**LISTED RECORDS**

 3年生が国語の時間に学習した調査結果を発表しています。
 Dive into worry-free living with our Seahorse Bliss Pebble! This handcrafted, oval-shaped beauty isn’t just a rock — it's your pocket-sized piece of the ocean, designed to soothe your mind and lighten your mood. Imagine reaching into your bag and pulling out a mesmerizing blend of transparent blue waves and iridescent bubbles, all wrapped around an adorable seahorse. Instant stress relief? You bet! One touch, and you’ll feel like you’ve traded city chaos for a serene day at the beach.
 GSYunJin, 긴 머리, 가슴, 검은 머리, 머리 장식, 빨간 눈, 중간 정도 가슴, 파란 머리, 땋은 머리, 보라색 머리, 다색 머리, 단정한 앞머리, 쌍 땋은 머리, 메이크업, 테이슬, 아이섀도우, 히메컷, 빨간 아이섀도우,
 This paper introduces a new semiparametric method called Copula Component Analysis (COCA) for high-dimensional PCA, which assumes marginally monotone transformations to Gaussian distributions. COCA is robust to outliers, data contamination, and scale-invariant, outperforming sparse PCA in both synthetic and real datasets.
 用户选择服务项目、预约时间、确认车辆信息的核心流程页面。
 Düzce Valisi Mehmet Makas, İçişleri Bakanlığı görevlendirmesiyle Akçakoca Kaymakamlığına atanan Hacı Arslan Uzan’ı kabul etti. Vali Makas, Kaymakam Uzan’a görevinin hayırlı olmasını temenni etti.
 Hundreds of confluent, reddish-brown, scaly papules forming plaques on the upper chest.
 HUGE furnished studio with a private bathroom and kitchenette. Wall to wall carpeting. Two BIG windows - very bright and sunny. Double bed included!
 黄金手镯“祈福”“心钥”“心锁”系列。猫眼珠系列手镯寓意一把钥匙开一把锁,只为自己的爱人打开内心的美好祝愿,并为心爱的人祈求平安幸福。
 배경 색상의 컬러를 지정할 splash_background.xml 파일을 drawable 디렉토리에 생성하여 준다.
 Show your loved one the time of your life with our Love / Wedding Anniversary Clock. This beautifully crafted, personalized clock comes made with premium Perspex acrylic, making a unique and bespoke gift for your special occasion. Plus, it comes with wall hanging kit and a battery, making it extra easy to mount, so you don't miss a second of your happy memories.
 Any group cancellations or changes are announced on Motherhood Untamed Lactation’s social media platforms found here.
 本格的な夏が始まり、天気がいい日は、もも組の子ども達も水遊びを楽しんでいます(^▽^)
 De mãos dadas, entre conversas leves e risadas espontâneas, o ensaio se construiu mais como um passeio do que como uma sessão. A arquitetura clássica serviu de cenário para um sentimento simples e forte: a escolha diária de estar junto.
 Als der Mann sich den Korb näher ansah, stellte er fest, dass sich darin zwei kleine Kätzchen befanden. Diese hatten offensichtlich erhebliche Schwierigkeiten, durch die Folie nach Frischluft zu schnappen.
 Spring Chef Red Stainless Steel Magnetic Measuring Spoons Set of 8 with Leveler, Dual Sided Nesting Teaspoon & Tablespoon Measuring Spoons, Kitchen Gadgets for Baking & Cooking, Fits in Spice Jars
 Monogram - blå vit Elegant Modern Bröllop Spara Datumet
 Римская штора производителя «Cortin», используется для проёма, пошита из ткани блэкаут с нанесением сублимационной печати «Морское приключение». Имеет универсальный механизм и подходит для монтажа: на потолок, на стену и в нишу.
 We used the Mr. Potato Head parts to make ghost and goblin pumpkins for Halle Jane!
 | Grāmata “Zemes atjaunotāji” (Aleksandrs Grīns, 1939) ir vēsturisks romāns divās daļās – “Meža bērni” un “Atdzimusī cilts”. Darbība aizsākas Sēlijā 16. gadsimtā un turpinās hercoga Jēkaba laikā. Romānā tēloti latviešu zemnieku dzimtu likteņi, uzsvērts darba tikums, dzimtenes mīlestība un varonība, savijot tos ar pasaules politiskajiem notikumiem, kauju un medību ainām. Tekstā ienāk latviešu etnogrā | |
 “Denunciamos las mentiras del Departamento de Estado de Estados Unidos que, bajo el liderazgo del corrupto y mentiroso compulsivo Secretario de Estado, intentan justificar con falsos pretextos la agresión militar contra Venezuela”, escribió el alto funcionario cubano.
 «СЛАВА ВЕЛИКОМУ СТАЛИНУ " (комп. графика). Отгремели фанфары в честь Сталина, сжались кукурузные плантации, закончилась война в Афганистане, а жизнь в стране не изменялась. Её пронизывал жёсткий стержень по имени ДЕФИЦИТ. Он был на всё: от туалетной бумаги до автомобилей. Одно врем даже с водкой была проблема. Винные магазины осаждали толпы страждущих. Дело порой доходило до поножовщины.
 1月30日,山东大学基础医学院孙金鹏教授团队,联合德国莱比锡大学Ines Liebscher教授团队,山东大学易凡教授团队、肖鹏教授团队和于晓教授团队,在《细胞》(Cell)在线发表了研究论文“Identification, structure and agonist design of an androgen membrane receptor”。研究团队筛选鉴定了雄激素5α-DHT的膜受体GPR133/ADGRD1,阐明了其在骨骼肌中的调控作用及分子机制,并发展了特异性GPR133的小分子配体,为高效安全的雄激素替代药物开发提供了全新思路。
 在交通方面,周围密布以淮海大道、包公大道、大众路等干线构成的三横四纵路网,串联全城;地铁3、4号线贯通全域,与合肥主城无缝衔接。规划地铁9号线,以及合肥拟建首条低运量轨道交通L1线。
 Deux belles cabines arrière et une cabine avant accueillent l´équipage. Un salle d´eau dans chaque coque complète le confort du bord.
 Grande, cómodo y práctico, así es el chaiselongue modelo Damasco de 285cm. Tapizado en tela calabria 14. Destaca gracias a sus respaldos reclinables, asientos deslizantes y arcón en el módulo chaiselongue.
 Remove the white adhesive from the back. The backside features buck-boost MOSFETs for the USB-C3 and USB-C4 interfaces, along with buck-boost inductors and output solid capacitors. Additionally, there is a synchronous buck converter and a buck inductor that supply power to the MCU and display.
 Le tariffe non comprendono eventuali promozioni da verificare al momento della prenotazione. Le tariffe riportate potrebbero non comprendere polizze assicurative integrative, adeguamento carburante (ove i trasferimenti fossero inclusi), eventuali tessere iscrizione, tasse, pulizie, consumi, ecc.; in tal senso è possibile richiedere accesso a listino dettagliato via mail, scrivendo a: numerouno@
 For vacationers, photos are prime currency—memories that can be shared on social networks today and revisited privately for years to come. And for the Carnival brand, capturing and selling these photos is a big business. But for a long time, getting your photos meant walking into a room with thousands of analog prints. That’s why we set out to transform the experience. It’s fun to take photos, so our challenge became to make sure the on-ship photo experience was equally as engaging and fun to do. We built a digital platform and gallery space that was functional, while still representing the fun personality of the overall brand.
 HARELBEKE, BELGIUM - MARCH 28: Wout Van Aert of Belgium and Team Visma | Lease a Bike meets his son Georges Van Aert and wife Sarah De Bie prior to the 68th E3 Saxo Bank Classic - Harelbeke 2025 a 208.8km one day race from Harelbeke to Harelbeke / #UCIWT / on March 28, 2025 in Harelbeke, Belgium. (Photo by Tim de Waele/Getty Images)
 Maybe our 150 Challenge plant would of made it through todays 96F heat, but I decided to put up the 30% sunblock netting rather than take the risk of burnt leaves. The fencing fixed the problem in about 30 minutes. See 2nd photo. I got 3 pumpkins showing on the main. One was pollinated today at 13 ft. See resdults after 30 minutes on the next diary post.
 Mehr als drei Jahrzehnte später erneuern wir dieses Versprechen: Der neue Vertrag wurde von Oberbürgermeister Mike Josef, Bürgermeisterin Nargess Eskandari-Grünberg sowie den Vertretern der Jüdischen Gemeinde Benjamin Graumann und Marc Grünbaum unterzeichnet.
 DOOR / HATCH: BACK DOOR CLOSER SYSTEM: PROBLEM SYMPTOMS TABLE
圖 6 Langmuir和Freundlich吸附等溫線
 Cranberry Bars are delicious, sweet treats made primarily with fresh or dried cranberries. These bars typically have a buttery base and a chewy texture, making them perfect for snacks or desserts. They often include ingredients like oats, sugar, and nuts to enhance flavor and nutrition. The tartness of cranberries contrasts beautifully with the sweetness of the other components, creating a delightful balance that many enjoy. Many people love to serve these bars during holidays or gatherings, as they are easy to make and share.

**WHAT YOU NEED TO DO**
Quote exactly the lines running from the start of the listing above through the line where "GSYunJin, 긴 머리, 가슴, 검은" is found, and output no other lines.

**TASK SOLUTION**
 3年生が国語の時間に学習した調査結果を発表しています。
 Dive into worry-free living with our Seahorse Bliss Pebble! This handcrafted, oval-shaped beauty isn’t just a rock — it's your pocket-sized piece of the ocean, designed to soothe your mind and lighten your mood. Imagine reaching into your bag and pulling out a mesmerizing blend of transparent blue waves and iridescent bubbles, all wrapped around an adorable seahorse. Instant stress relief? You bet! One touch, and you’ll feel like you’ve traded city chaos for a serene day at the beach.
 GSYunJin, 긴 머리, 가슴, 검은 머리, 머리 장식, 빨간 눈, 중간 정도 가슴, 파란 머리, 땋은 머리, 보라색 머리, 다색 머리, 단정한 앞머리, 쌍 땋은 머리, 메이크업, 테이슬, 아이섀도우, 히메컷, 빨간 아이섀도우,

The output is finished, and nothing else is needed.